Я ответил ему, что это не дает нам права быть фаталистами, что долг ученого не только относиться с уважением к уже открытым законам, но и смело открывать новые.
Назаров, кажется, не сомневался в достоверности моего рассказа. Может быть, это была игра? Не знаю. Во всяком случае я согласился выполнить его просьбу и показал ему Биоконденсатор. Вот моя ошибка, если не сказать вина. В бункер мы отправились вдвоем. Я вложил в щель пропускного автомата свою личную карточку. "Сезам" наш отворился, и мы направились вниз. Назаров говорил оживленно, чувствовал себя превосходно, а минут через двадцать это уже был не человек.
"…Нина Константиновна, в официальном документе, адресованном начальству, я самым обстоятельным образом описал происшедшее в бункере. Определил, на каком расстоянии от Биоконденсатора кто из нас находился, сколько минут пробыл около него. Не буду повторяться. С этой бумагой вы, несомненно, ознакомитесь. Она для многих может показаться неубедительной: ведь никто не знает того, о чем я рассказал Назарову. А мое отношение к нему знают. Могут возникнуть подозрения, все может случиться…"
Как только мы вошли в бункер, я предупредил Назарова: "К барьеру не подходи!" Мне и в голову не могло прийти, что он пойдет в бокс левого отсека. А он пошел. Не больше двух-трех минут я проверял настройку (меня обеспокоила резко возросшая активность), в это время Назаров и успел пройти к столику, за которым сидел Антон, вычисляя гомополярную направленность. Я осмотрел приборы и обернулся к Назарову. Я даже не сообразил сразу, куда он мог деваться. И вдруг увидел его сидящим у стола. Я сказал, чтобы он немедленно уходил оттуда. Назаров послушно вышел из левого бокса. Моя тревога по поводу неуравновешенного индекса каскадов была слишком велика, и я не сразу обратил внимание на его состояние. Он был не так оживлен, как до этого, не задавал мне больше вопросов.

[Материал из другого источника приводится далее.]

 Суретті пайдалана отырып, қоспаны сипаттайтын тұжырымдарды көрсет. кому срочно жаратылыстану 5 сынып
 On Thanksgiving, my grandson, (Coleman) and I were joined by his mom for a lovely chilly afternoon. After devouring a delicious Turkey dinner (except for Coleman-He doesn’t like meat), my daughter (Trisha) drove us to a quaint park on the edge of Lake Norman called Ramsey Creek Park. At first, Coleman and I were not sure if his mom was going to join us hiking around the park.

Назаров не возразил, когда я ему сказал, что пора покидать бункер, и безмолвно пошел за мной. Только пройдя несколько этажей, я заметил какую-то автоматичность в его движениях. Останавливался я — стоял и он. По коридору мы шли нога в ногу. В моем кабинете Назаров продолжал молчать. Взгляд его был затуманенным, а на лице расположилась безразличная, как бы раз навсегда приставшая улыбка.
Только тут я понял: стряслась беда. Хотел позвонить вам на опытную базу, но не решился, вспомнив о недавно перенесенной вами болезни. Теперь у меня выхода нет. Эксперимент может окончиться не в мою пользу. В этом случае о моих наблюдениях не будет известно никому. Этого допустить нельзя.

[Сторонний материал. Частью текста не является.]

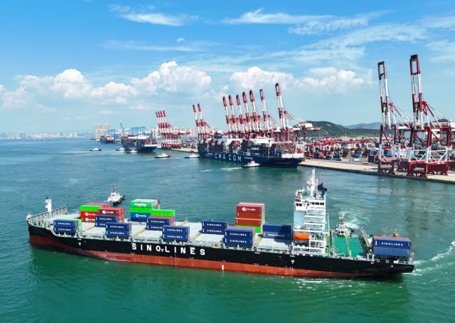 ↑8月30日,“中外运海口”轮缓缓驶离山东港口青岛港,驶向印度钦奈港(无人机照片)。今年以来,山东港口青岛港“一带一路”国家和地区箱量保持两位数增长。新华社发(张进刚摄)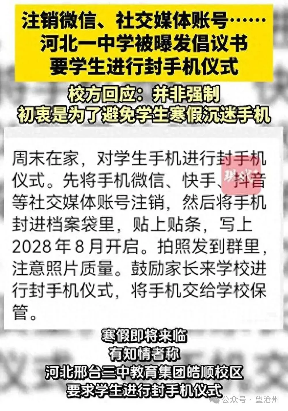 近日,河北邢台三中教育集团皓顺校区一则关于“寒假封手机”的倡议,在网络上引发广泛讨论。

Простите меня, так много свалилось на вас…
Нина Константиновна слегла на другой день после встречи со следователем. Она понимала, что необходимо поговорить с ним, как только он прослушает запись Вячеслава Михайловича, но не находила сил. Так прошло три дня. На четвертый она попросила, чтобы Аветик Иванович приехал к ней домой.
- Вот видите, как получилось — пришлось послушаться врачей. Обидно. Ведь именно сейчас нужно быть здоровой. Впрочем, это нужно всегда.
- Сердце?
- Да, потрепано, и притом изрядно. Досталось ему немало. Моторы подобной изношенности техники уже отправляют не в капитальный ремонт, а на свалку. Но давайте о главном. Удалось что-нибудь разузнать о Вячеславе Михайловиче?
- Нет.
- Я как-то очень надеялась все эти дни. Ждала вестей от вас. Зазвонит телефон, я хватаю трубку в надежде услышать о результатах розысков.
- Розыск ведется, но пока без успехов. Всех нас смущает одно обстоятельство. Мы еще раз проверили, чем был занят директор в тот день, когда он исчез. Удалось по минутам восстановить картину. Никаких указаний на то, что он уехал или ушел из института. Машину, например, он заказал через секретаря на четыре часа, но уже не воспользовался ею.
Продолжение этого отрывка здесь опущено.